━━ EXTRACTED RECORDS ━━
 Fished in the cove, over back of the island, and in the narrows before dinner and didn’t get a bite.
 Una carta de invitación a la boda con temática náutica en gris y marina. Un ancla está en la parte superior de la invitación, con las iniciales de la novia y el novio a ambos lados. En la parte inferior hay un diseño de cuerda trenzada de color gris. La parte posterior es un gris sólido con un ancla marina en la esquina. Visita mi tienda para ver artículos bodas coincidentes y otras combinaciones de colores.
━━━
━━ EXTRACTED RECORDS ━━
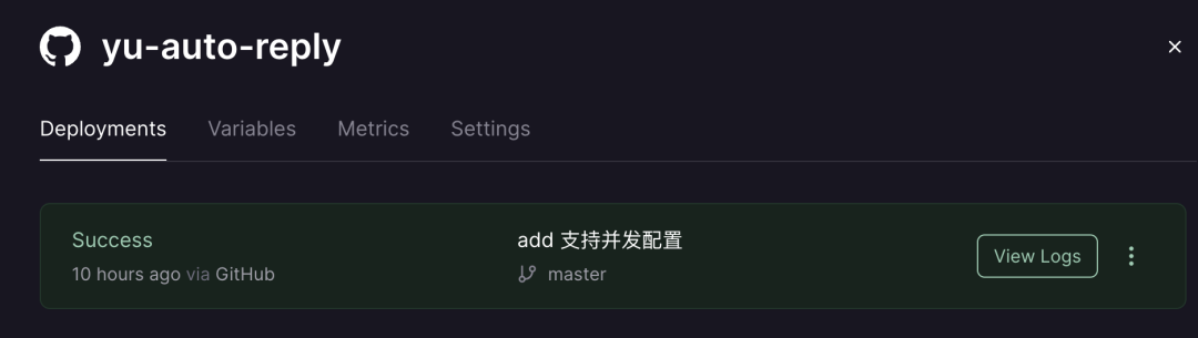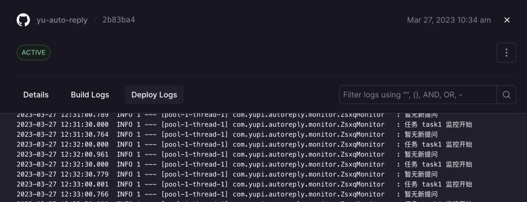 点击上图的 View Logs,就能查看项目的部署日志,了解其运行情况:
━━━
TASK ITEM. Retype exactly the lines of the data above that fall between the line with "Fished in the" and the line with "Una carta de", inclusive, and add nothing.

OUTPUT FOR THIS EXERCISE.
 Fished in the cove, over back of the island, and in the narrows before dinner and didn’t get a bite.
 Una carta de invitación a la boda con temática náutica en gris y marina. Un ancla está en la parte superior de la invitación, con las iniciales de la novia y el novio a ambos lados. En la parte inferior hay un diseño de cuerda trenzada de color gris. La parte posterior es un gris sólido con un ancla marina en la esquina. Visita mi tienda para ver artículos bodas coincidentes y otras combinaciones de colores.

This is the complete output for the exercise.